The problem:
Of the entries below, return exactly those lines that fall between the one containing "Der Jersey in" and the one containing "頭部コンピュータ断層撮影読影テキスト (1978年) 文光堂 田坂 晧", the two end lines included.

Records:

= Beginning of Section =

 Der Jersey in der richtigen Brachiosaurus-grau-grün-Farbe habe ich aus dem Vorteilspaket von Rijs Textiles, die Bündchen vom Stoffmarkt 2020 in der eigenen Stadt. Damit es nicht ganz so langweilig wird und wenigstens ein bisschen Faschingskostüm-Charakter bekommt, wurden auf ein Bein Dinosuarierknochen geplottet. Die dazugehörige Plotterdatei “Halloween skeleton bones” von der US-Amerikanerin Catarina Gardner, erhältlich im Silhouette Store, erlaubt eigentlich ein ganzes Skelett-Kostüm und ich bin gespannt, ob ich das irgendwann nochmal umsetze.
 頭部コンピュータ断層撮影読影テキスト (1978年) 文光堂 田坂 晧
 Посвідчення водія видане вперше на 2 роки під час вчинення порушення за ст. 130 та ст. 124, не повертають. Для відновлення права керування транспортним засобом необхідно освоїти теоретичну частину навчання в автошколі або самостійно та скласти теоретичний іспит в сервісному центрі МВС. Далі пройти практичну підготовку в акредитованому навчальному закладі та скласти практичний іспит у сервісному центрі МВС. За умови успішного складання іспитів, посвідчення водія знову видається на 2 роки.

= End of Section =
= Beginning of Section =

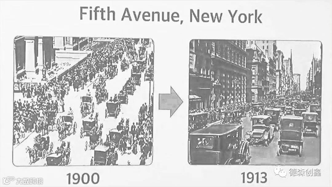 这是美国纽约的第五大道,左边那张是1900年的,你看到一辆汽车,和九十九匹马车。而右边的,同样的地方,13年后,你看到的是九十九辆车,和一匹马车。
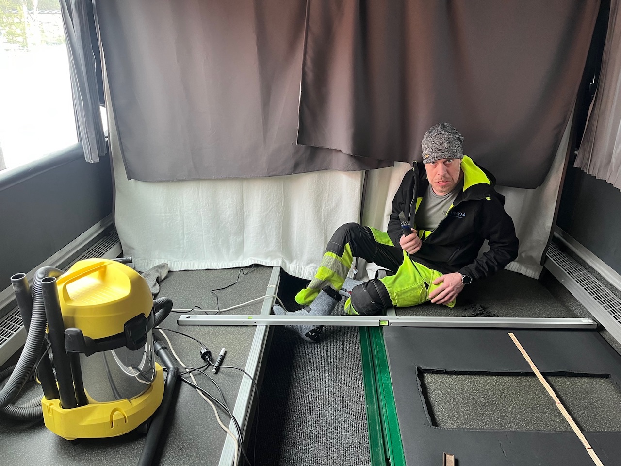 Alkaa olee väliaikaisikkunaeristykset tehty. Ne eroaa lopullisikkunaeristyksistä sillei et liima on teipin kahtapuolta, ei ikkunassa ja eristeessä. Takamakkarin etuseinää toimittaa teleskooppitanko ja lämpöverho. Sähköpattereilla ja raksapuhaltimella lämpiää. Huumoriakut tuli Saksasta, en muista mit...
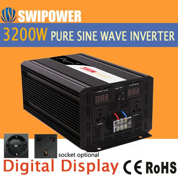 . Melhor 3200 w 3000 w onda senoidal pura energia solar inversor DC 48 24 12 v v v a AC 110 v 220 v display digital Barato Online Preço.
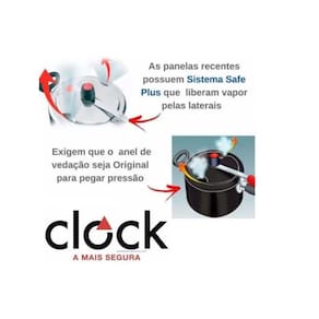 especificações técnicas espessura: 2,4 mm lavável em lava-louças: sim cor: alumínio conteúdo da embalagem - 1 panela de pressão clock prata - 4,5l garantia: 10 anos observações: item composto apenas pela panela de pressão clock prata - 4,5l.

= End of Section =

Answer box:
 Der Jersey in der richtigen Brachiosaurus-grau-grün-Farbe habe ich aus dem Vorteilspaket von Rijs Textiles, die Bündchen vom Stoffmarkt 2020 in der eigenen Stadt. Damit es nicht ganz so langweilig wird und wenigstens ein bisschen Faschingskostüm-Charakter bekommt, wurden auf ein Bein Dinosuarierknochen geplottet. Die dazugehörige Plotterdatei “Halloween skeleton bones” von der US-Amerikanerin Catarina Gardner, erhältlich im Silhouette Store, erlaubt eigentlich ein ganzes Skelett-Kostüm und ich bin gespannt, ob ich das irgendwann nochmal umsetze.
 頭部コンピュータ断層撮影読影テキスト (1978年) 文光堂 田坂 晧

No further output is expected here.